Decided: October 2, 1934.

THE STATE OF NEW JERSEY, DEFENDANT IN ERROR,
v.
WILLIAM H. MASON, PLAINTIFF IN ERROR



On error to Burlington Quarter Sessions.

For the plaintiff in error, William A. Slaughter and Norman W. Harker.

For the state, Howard Eastwood, prosecutor of the pleas.

Before Brogan, Chief Justice, and Justices Parker and Bodine.

Parker

The opinion of the court was delivered by

PARKER, J. The plaintiff in error was convicted on an indictment in four counts, of which the first was withdrawn and the conviction rested on the other three.

The case is submitted on briefs, and as though it were before us on a certificate of the entire record of proceedings at the trial, pursuant to sections 136 and 137 of the Criminal Procedure act. Comp. Stat., pp. 1863 et seq. But we find no such certificate. All that appears is a certificate by the county clerk of the "indictment and proceedings" as on file in his office. This is not sufficient. The practice pointed out in such cases as State v. Clark, 75 N.J.L. 473; State v. Armstrong, 88 Id. 280; State v. Ramage, 91 Id. 435, and State v. Chiaccio, 4 N.J. Mis. R. 63, has not been followed. Hence the case is before us, if at all, on strict writ of error and bill of exceptions. It follows that the rather extended argument that the verdict is against the weight of evidence, based on chapter 349 of the laws of 1921 (Pamph. L., p. 951) is not available for reversal, as that act applies only to cases brought up under sections 136 and 137. It follows, further, that the assignments of error, to be available, must be supported by exceptions authenticated by the signature and seal of the trial court. State v. Hart, 90 N.J.L. 261; State v. Fearce, 113 Id. 155; 172 A. 575; Lowenstein v. Lohman, 109 N.J.L. 215; Lyon v. Fabricant, 113 Id. 62; 172 A. 567; Donnelly v. State, 26 N.J.L. 463, 511; State v. Morgan, 85 Id. 387.

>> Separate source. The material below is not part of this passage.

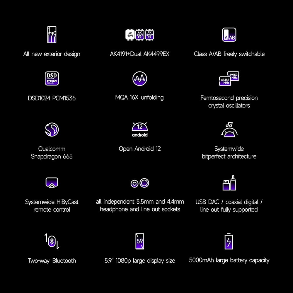 • مدعومًا بمعالج Qualcomm Snapdragon 665، يعمل مشغل الموسيقى هذا على نظام التشغيل Android 12 مع ذاكرة وصول عشوائي (RAM) سعة 4 جيجابايت ومساحة تخزين 64 جيجابايت (قابلة للتوسيع حتى 2 تيرابايت). إنه يوفر تشغيلًا سلسًا وأداءً سلسًا على منصات الموسيقى المتدفقة السائدة. فهو يتجاوز تحويل معدل عينة النظام (SRC) على مستوى العالم، مما يسمح لتطبيقات الطرف الثالث بالاستمتاع بالموسيقى ذات معدل البت العالي دون فقدان. يدعم هذا المشغل أيضًا تنزيل وتثبيت تطبيقات الطرف الثالث.

There are forty-four "reasons or specifications of error" (so entitled in the printed book) which may be assumed to be cognizable as assignments of error. Of these, something over half are argued, currente calamo for the most part, as though exceptions had been duly prayed and sealed. But a careful examination of the transcript discloses that in many cases an exception was not prayed, and that in not one of them was any exception signed and sealed as required by the practice.

When there is a "certificate of the entire record of proceedings

at the trial" the reviewing court has before it a blanket certificate by the trial court of all rulings at the trial. Failing this, there is nothing on which the reviewing court may proceed unless there is a bill of exceptions. Failing both of these, there is nothing to review. That is the situation ...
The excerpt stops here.